Raw data ->
★ ★ ★ ★

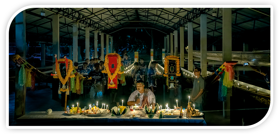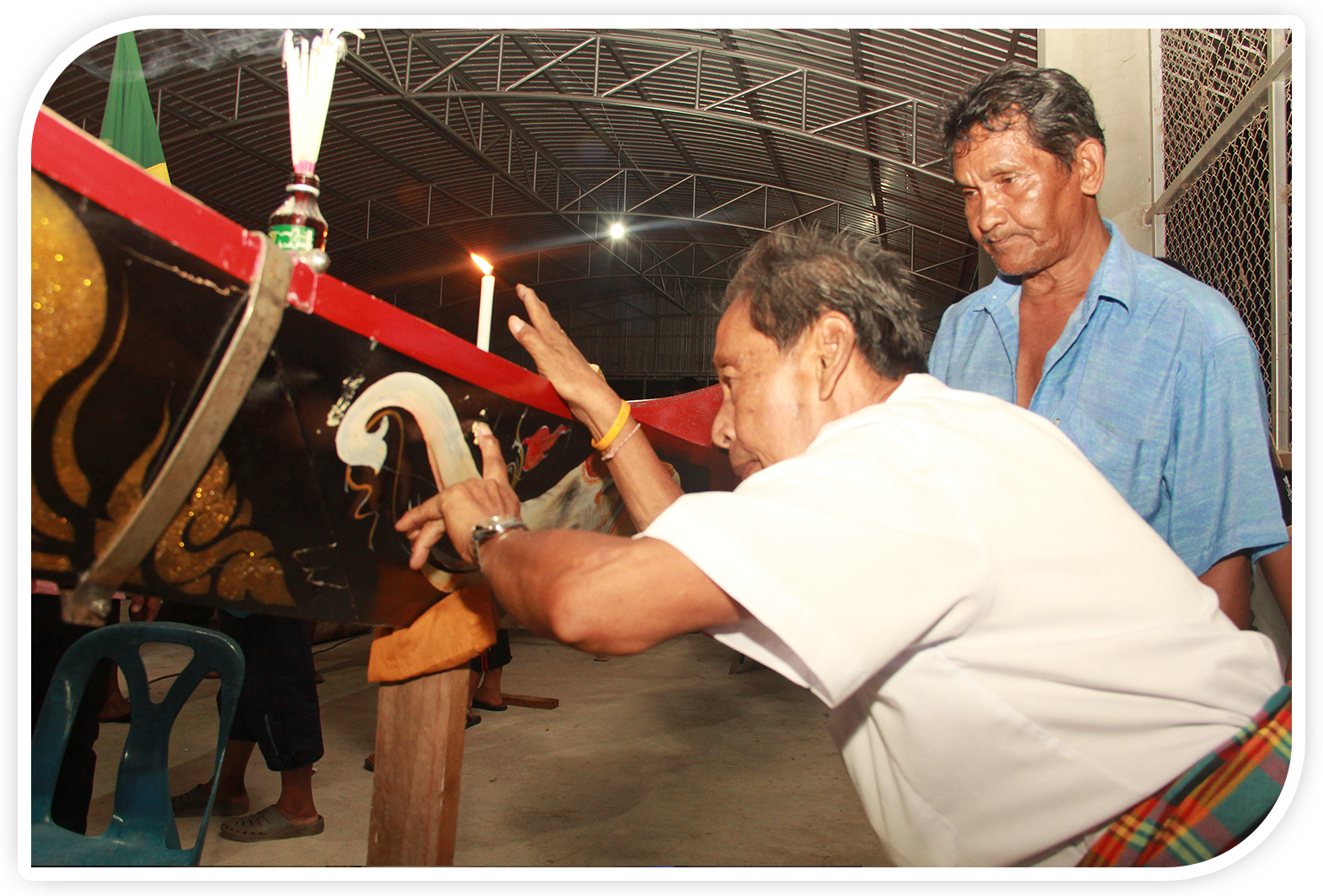 การทำขวัญเรือยาวขึ้นโขนชิงธงแบบฉบับคนหลังสวน
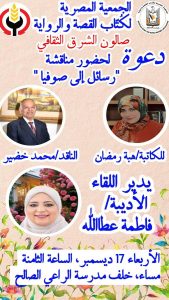 تنظم لجنة مدن القناة وسيناء بالجمعية، برئاسة الأديبة منى الجبريني، وبالتعاون مع صالون الشرق الثقافي ببورسعيد برئاسة نجيب سليمان، ندوة أدبية لمناقشة كتاب «رسائل إلى صوفيا» للكاتبة هبة رمضان، وذلك تحت رعاية الكاتب المستشار شريف العجوز، رئيس الجمعية المصرية لكتاب القصة والرواية.
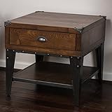 Made with wood and complemented with iron accents.This wood end table will complete any room you choose to incorporate it in.Store items in the top drawer for safekeeping or even place items on the bottom shelf for easy access.Includes: One (1) end table, Weight: 64-pounds.Assembly Required. Dimensions: 22.25 high x 23.50 wide x 23.50 deep inches.

★ ★ ★ ★

Action item ->
Your answer must be an exact copy of the listing, minus its pictures.

Result below ->
 การทำขวัญเรือยาวขึ้นโขนชิงธงแบบฉบับคนหลังสวน
 تنظم لجنة مدن القناة وسيناء بالجمعية، برئاسة الأديبة منى الجبريني، وبالتعاون مع صالون الشرق الثقافي ببورسعيد برئاسة نجيب سليمان، ندوة أدبية لمناقشة كتاب «رسائل إلى صوفيا» للكاتبة هبة رمضان، وذلك تحت رعاية الكاتب المستشار شريف العجوز، رئيس الجمعية المصرية لكتاب القصة والرواية.
 Made with wood and complemented with iron accents.This wood end table will complete any room you choose to incorporate it in.Store items in the top drawer for safekeeping or even place items on the bottom shelf for easy access.Includes: One (1) end table, Weight: 64-pounds.Assembly Required. Dimensions: 22.25 high x 23.50 wide x 23.50 deep inches.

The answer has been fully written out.